I have a grouping factor where >50% of the clusters have n = 1, and overall between-cluster variation seems rather small. This makes my models pretty divergence-prone, although tighter priors and/or high adapt_delta
s can eliminate them. The response is categorical, using a logit link.
Question 1:
McElreath (2020: 420–6) shows that when using Stan with rethinking::ulam()
, non-centered parameterization can greatly improve sampling when dealing with a random-effects factor with a very low SD.
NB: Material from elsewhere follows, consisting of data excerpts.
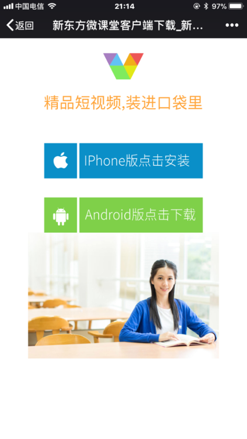 新东方在线微课堂学习平台 (vl.koolearn.com)是新东方在线对微学习、微课程的趋势研究出的一款以视频为核心资源的学习平台产品其定位为基于应用场景的语言应用百科。微课堂课程体系包括畅学口语、活学商务、乐学外语、语言应试、留学直通车、践行职场等资源。
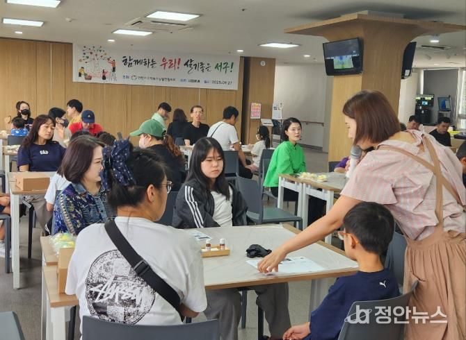이번 행사는 ‘함께 하는 우리! 살기 좋은 서구!’ 2회차 사업으로, 지난 회차 참여자들의 의견을 적극 수렴하여 단순 문화 체험을 넘어 가족 간 소통과 정서적 안정을 도모하는 의미를 담아 체험 활동 전 인형극을 관람하며 웃음과 감동을 나누고, 디퓨저 만들기, 향기 가랜드 만들기를 통해 자신만의 향기를 담은 작품을 완성했다.
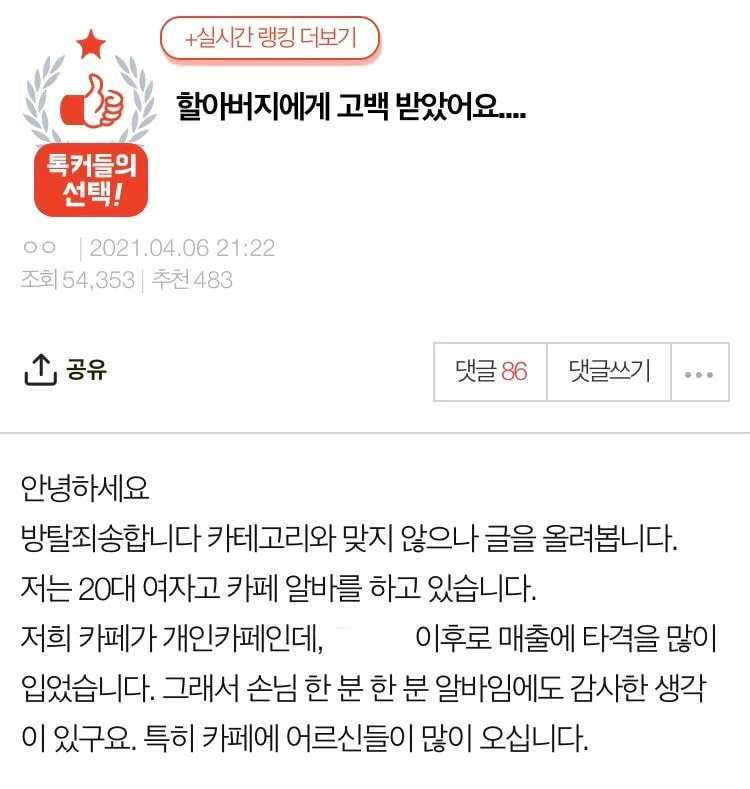 이어 “그러던 오늘 (할아버지가) 카운터 앞에서 갑자기 두 손을 덜덜 떠시더니 ‘사랑해요. 저랑 사귀어요’ 하셨다”고 덧붙였다.
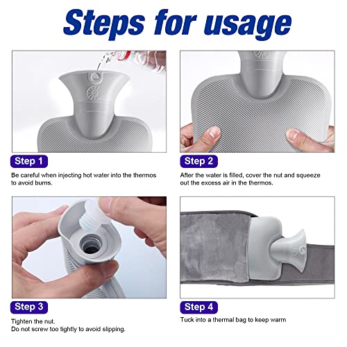 [Ugello per Bottiglia Largo] - Viene fornito con un tappo antispruzzo, sicuro e facile da far entrare e uscire dallacqua, impedisce allacqua di schizzare di nuovo. Le nostre borse dellacqua calda hanno una capacità massima di 1000 ml. Si consiglia di riempirlo fino a due terzi (nota: per una maggiore sicurezza, la temperatura dellacqua calda non deve superare gli 80 gradi Celsius).
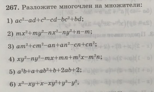 4) ху^2-пу^2-мх+мп+м^2х-м^2п= у^2(х-п)-м(х-п)+м^2(х-п)= (х-п)(у^2-м+м^2);
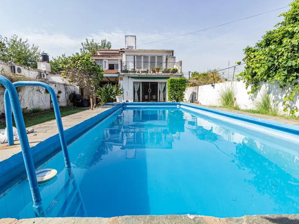 En el exterior, dispone de una cochera cubierta y pasante para tres autos. El jardín incluye una piscina, y en el fondo de la propiedad se encuentra un quincho equipado con parrilla, cocina, baño y dos habitaciones, una de ellas en planta alta.
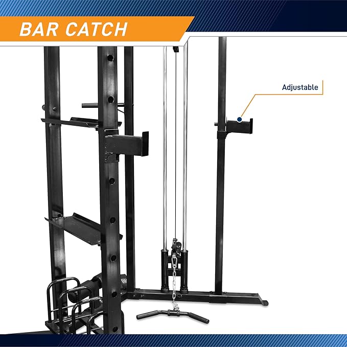 - ADJUSTABLE STYLE BAR CATCHES – This strength cage is designed with an adjustable, commercial-style bar catch so that you can move from bench press to squats easily. This workout machine also has a multi-handle pull up station with wide and narrow grips.
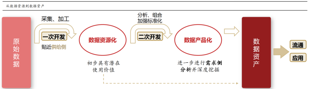 我們認(rèn)為將原始數(shù)據(jù)轉(zhuǎn)化為數(shù)據(jù)資產(chǎn)主要需要經(jīng)過數(shù)據(jù)資源化、數(shù)據(jù)產(chǎn)品化兩個階段。
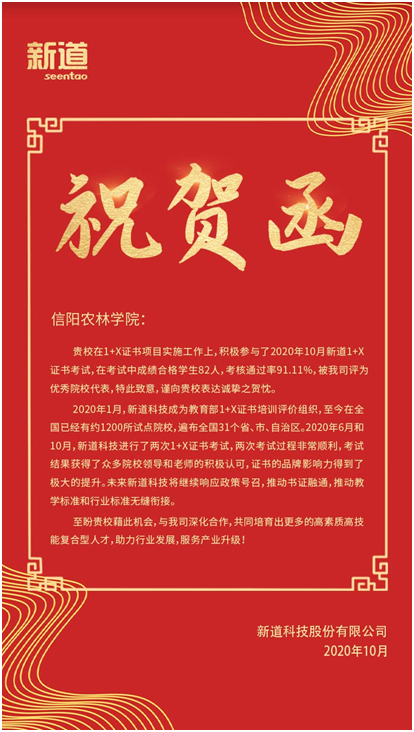 为了稳步推进“1+X”职业技能等级证书试点工作,学院领导高度重视,组建实施小组,由副院长张立恒具体负责。在2020年9-10月期间实验室主任孔祥坤带领实验教师曹雷欣、郭靖韬、彭可欣、崔艳叶组织学生进行了为期40天的校内培训。本次培训主要利用课余时间,培训以实操为主,理论为辅。学院将考核内容有机融入课程教学中,并对学生进行强化训练和模拟考试,以最大的努力保障参加考试学生取得优异成绩。其中,新道“1+X”证书考核通过率为91.11%。
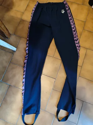 Leggings vintage de la marca Arena en color azul. Presentan un diseño con una raya lateral decorativa. - Raya lateral con estampado. - Diseño con tiras en los tobillos.
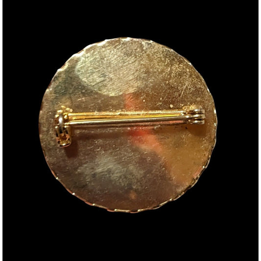 Vintage Yellow And Purple Floral Round Brooch

I use brms, and I’ve been racking my brain all day trying to figure out how to implement non-centered parameterization for the random intercepts using the package’s non-linear syntax option. But now I ran into old threads suggesting that brms uses non-centered parameterization for random effects by default. Is this still the case? If so, then I suppose I don’t have to spare another thought for that mathematical trick, which after all is rather challenging for a non-statistician to wrap his head around.
Question 2:
What’s wrong with using a proper uniform prior on the random-intercept SD? I understand this is generally not recommended. But I did a little test, fitting the same simple-ish hierarchical model to a binary subset of the data 120 times, deliberately keeping adapt_delta
at just 0.85 and using either an exponential(2)
, normal(0,1), lb = 0
, or uniform(0,10), lb = 0, ub = 10
prior on the SD. All three options yielded posterior means in the same neighborhood, but the uniform prior had divergences slightly less often than the others (45.8% of the time as opposed to 55.8% for half-normal and 56.7% for exponential).
There’s also another thing I like about the uniform prior, namely the fact that it has no mode. When visualizing the posterior, this makes it easier to determine whether the resulting mode is due to the prior or the data. If the data alone place the mode at zero, I take this to mean that the data contain little to no information on between-group variability, so that a frequentist model would estimate it at zero and complain about a singularity. This is exactly what lme4
does when fit to the same data, but I can’t and won’t use lme4
for the analysis proper because it doesn’t support categorical responses.
Is there some pitfall that I’m missing about the use of a U(0,10) prior in this situation? Or are such priors considered an abomination, whose use might risk discrediting the whole study?